12/31/2025
New Year’s Resolutions: A Different Way Forward
At the stroke of midnight, another year quietly moves into your history.
Before the fireworks fade, it’s worth asking an honest question:
Did you accomplish the goals you set for yourself last New Year’s?
If the answer is “not really,” you’re not alone, and it doesn’t mean you failed. It usually means the strategy was flawed, not your character or discipline.
Don’t Sabotage Yourself
Most resolutions fail because they rely on motivation, willpower, or dramatic change. Those things are unreliable. Life is busy, unpredictable, and often exhausting. Expecting perfection or sustained intensity is a setup for self-sabotage.
The real path to change is much quieter: anchoring small, realistic habits into your existing life.
Instead of asking, “What should I completely overhaul?”
Ask, “Where can this gently fit?”
Look honestly at your schedule. Where does there already exist a natural opening, before work, after dinner, on the drive home, where a small version of your goal could live?
Motivation Is Setup, Not Force
Motivation isn’t something you summon. It’s something you design for.
If your goal is to go to the gym more often, don’t rely on how you’ll feel after work. Pack your gym bag ahead of time. Put it in your car. Remove friction. When the moment comes, you’ve already made the hard decision.
Last-minute choices become much easier when future-you has already done the prep.
Reframe Your Goals Positively
Language matters more than we realize.
Don’t try to “lose weight. ”Try to “gain health.”
Don’t focus on what you’re taking away. Focus on what you’re adding. Showing up. Moving your body. Creating consistency. The outcome will take care of itself.

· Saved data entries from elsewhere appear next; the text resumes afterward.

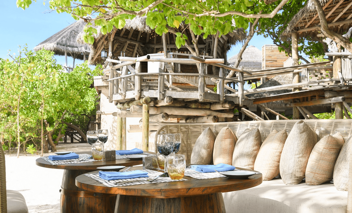A Thai restaurant, Kaashi, has beach seating and a treehouse setup where diners can enjoy an aerial view of the island. The open-plan kitchen prepares a variety of fragrant Thai dishes that are paired with craft cocktails.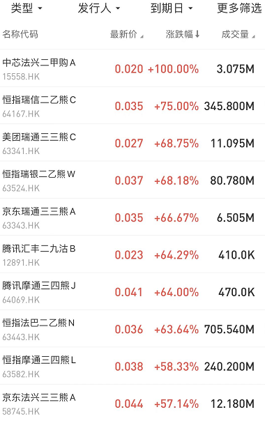 在今日涨幅榜中,中芯法兴二甲购A $15558.HK 涨100.00%;恒指瑞信二乙熊C $64167.HK 涨75.00%,美团瑞通三三熊C $63341.HK 涨68.75%。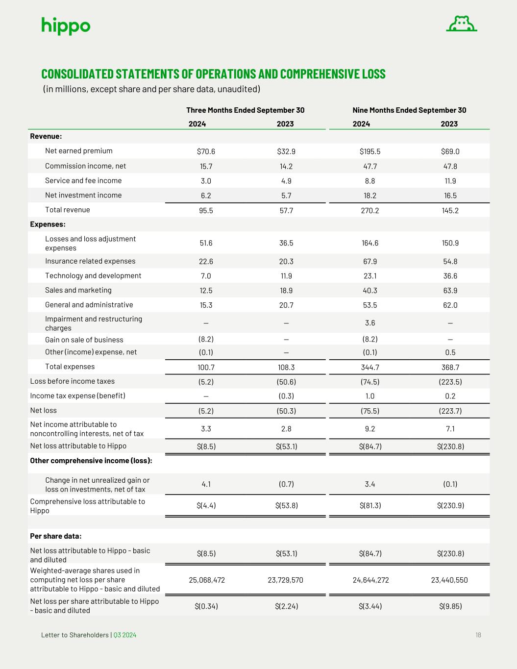 Letter to Shareholders | Q3 2024 18 CONSOLIDATED STATEMENTS OF OPERATIONS AND COMPREHENSIVE LOSS (in millions, except share and per share data, unaudited) Three Months Ended September 30 Nine Months Ended September 30 2024 2023 2024 2023 Revenue: Net earned premium $70.6 $32.9 $195.5 $69.0 Commission income, net 15.7 14.2 47.7 47.8 Service and fee income 3.0 4.9 8.8 11.9 Net investment income 6.2 5.7 18.2 16.5 Total revenue 95.5 57.7 270.2 145.2 Expenses: Losses and loss adjustment expenses 51.6 36.5 164.6 150.9 Insurance related expenses 22.6 20.3 67.9 54.8 Technology and development 7.0 11.9 23.1 36.6 Sales and marketing 12.5 18.9 40.3 63.9 General and administrative 15.3 20.7 53.5 62.0 Impairment and restructuring charges — — 3.6 — Gain on sale of business (8.2) — (8.2) — Other (income) expense, net (0.1) — (0.1) 0.5 Total expenses 100.7 108.3 344.7 368.7 Loss before income taxes (5.2) (50.6) (74.5) (223.5) Income tax expense (benefit) — (0.3) 1.0 0.2 Net loss (5.2) (50.3) (75.5) (223.7) Net income attributable to noncontrolling interests, net of tax 3.3 2.8 9.2 7.1 Net loss attributable to Hippo $(8.5) $(53.1) $(84.7) $(230.8) Other comprehensive income (loss): Change in net unrealized gain or loss on investments, net of tax 4.1 (0.7) 3.4 (0.1) Comprehensive loss attributable to Hippo $(4.4) $(53.8) $(81.3) $(230.9) Per share data: Net loss attributable to Hippo - basic and diluted $(8.5) $(53.1) $(84.7) $(230.8) Weighted-average shares used in computing net loss per share attributable to Hippo - basic and diluted 25,068,472 23,729,570 24,644,272 23,440,550 Net loss per share attributable to Hippo - basic and diluted $(0.34) $(2.24) $(3.44) $(9.85)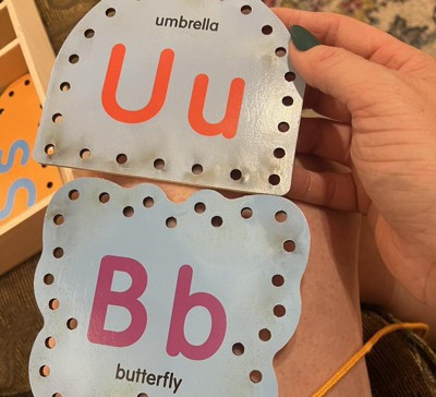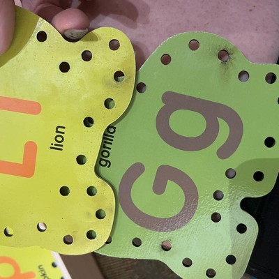 Practice your letters and build fine motor skills at the same time! This value-packed learning set has a shaped lacing board for every letter of the alphabet. Each one features a colorful illustration on one side and a label on the back, complete with oversize uppercase and lowercase letters. Use the cards as flashcards, match the lace colors to the borders, or string together the entire alphabet—there are lots of ways to learn and play!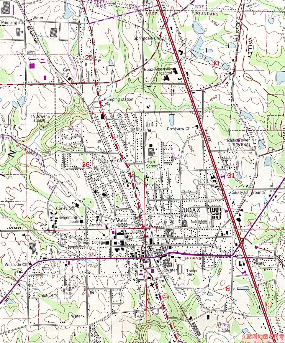 2.美国Alabama州Boaz城区图下载说明:鼠标移动到地图上方,右键->图片另存为->选择保存的路径;
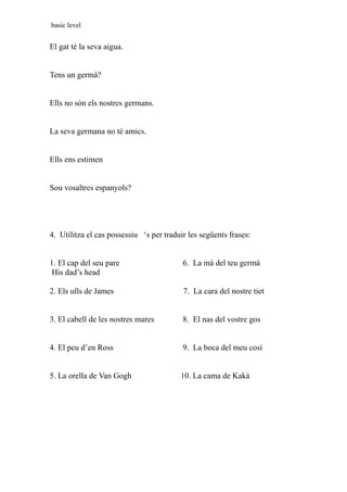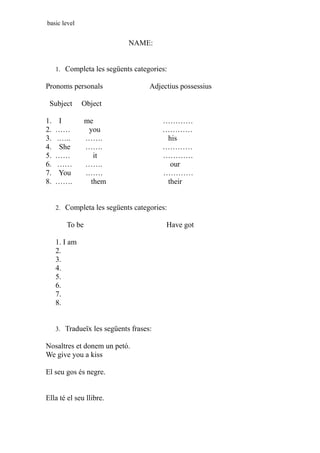 The document contains an exercise with fill-in-the-blank questions testing pronouns, verbs, and possessive adjectives in Spanish. There are also translation exercises, questions asking to write in the possessive case, write days, subjects, places, and more in Spanish. Comprehension questions are included about a story in a reading passage.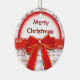 A fita vermelha do Feliz Natal nota o ornamento. O texto pode ser personalizado e a foto pode ser adicionada para dentro.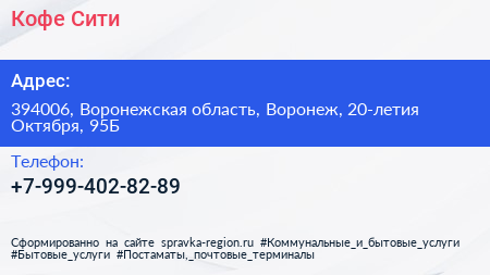 Кофе Сити по адресу 394006, Воронежская область, Воронеж, 20-летия Октября, 95Б в дальнейшем Организация, размещена в следующих категориях: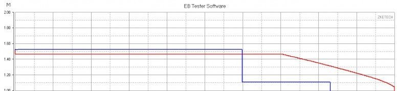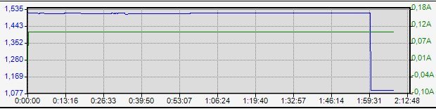 Шкала времени утилиты MC3000_Monitor_V1.06 весьма условна (всегда занижает). В любом случае, реальные численные значения мАч и мВтч всегда вытягиваются из лог-файла.Вторая (информационная) ступенька в наличии. После ее окончания напряжение отрубается контроллером и МС3000 прекращает запись. Поэтому продолжение кривой «в ноль» на графиках отсутствует.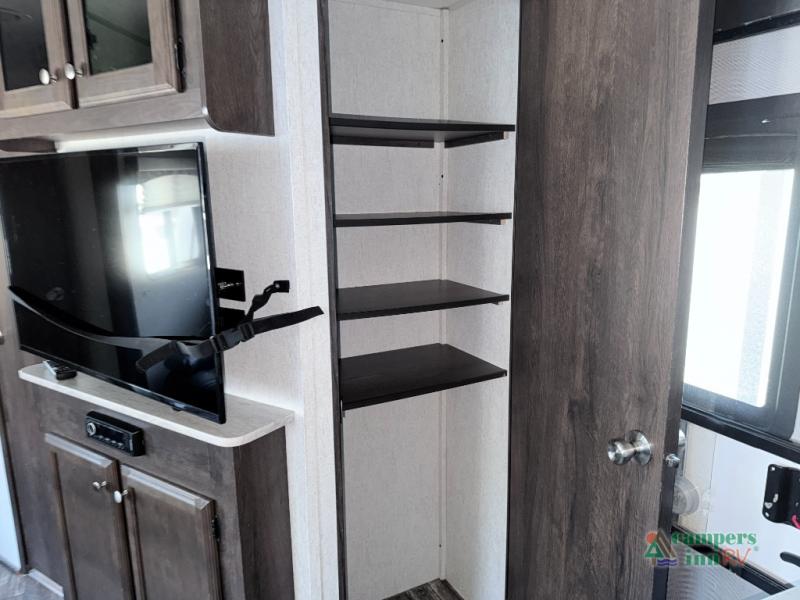 - Front private bedroom with queen bed, closets, and overhead cabinets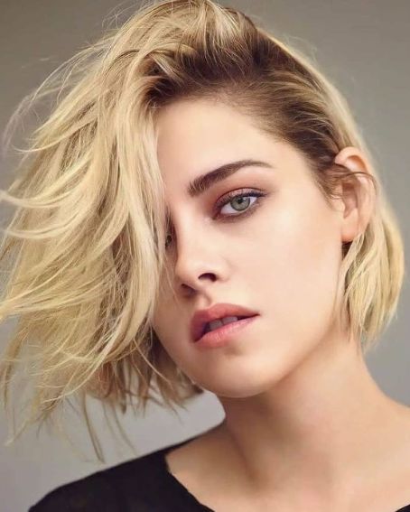 The fantastic pic of Kristen Stewart has been extracted from the place she got her Bob haircuts. This is so cute and pretty with the creamy hair vibes of brightness around with graduated bob in blonde with shaggy on top.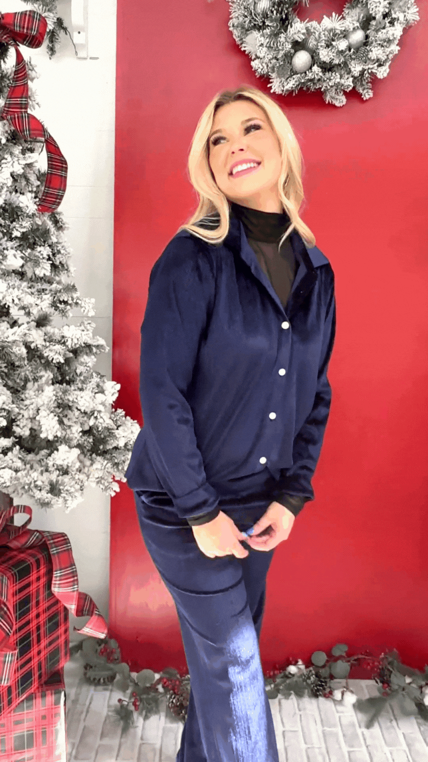 Velvet Straight-Leg Pants, Navy

Negative framing feels like punishment. Positive framing feels like alignment.
The 5-Second Rule: Act or Drift
Here’s something crucial to remember: you have about five seconds to act on a productive thought.
When you think, “I could go to the gym,” or “I should write for a few minutes,” that’s your window. If you hesitate, overthink, or negotiate with yourself, your brain will default back to old patterns.
You don’t need to finish the task.
You just need to move in the direction of action.
Stand up. Put your shoes on. Open the document. Walk toward the door.
Momentum begins with motion, not certainty.
Progress Over Perfection
This year doesn’t need a dramatic reinvention. It needs honesty, realism, and kindness toward yourself. Small habits done consistently will always outperform big plans fueled by temporary motivation.
You’re not behind.
You’re just starting again, with better tools.
And sometimes, that’s the best kind of New Year’s resolution.